DATA FOR PROCESSING:
»»
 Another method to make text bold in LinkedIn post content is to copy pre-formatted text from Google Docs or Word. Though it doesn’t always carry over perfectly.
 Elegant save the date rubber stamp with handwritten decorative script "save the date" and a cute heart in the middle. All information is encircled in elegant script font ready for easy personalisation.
««
»»
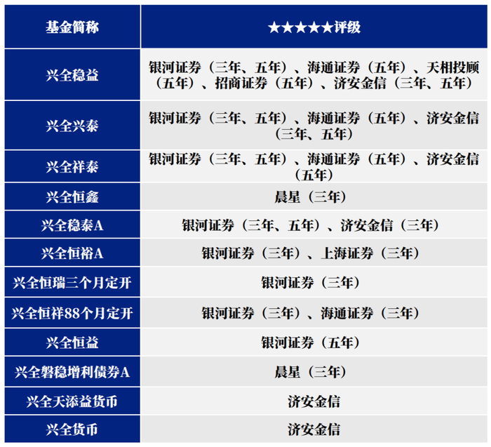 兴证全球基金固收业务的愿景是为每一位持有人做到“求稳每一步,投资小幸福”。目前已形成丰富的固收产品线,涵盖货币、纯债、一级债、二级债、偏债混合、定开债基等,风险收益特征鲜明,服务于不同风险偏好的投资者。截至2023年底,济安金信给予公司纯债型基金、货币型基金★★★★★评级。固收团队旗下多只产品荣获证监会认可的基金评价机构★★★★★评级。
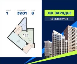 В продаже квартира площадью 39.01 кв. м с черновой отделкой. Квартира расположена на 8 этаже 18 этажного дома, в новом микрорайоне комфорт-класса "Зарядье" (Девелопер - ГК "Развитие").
««
»»
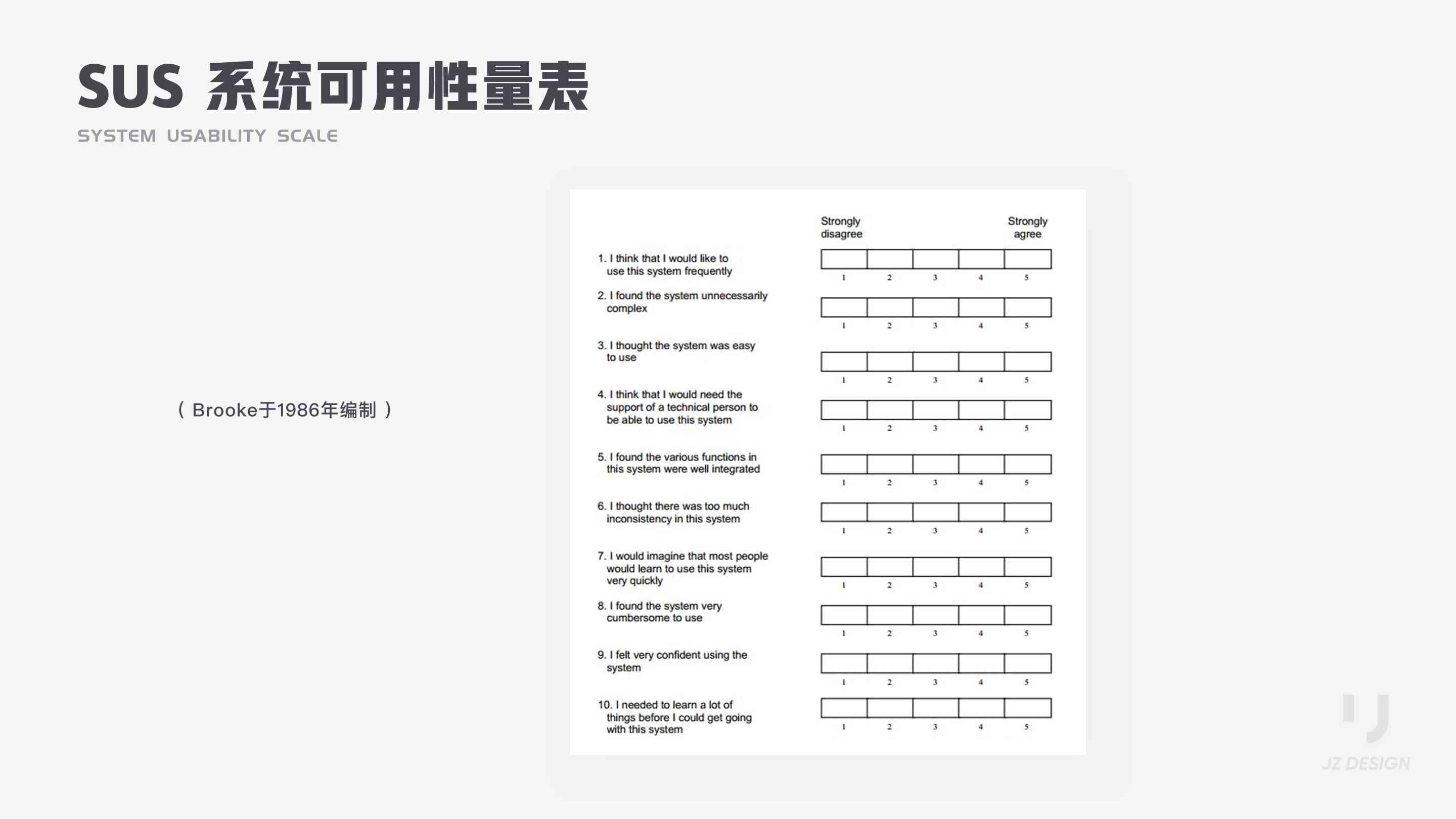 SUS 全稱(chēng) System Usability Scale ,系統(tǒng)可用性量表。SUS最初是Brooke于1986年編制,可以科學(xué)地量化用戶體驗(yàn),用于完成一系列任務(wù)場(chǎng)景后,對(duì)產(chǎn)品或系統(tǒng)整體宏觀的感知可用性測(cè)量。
««
WHAT TO WORK ON: Look above for the line that contains "Another method to". Starting there, transcribe every line exactly until you have copied the line that contains "Elegant save the".

PROBLEM SOLUTION:
 Another method to make text bold in LinkedIn post content is to copy pre-formatted text from Google Docs or Word. Though it doesn’t always carry over perfectly.
 Elegant save the date rubber stamp with handwritten decorative script "save the date" and a cute heart in the middle. All information is encircled in elegant script font ready for easy personalisation.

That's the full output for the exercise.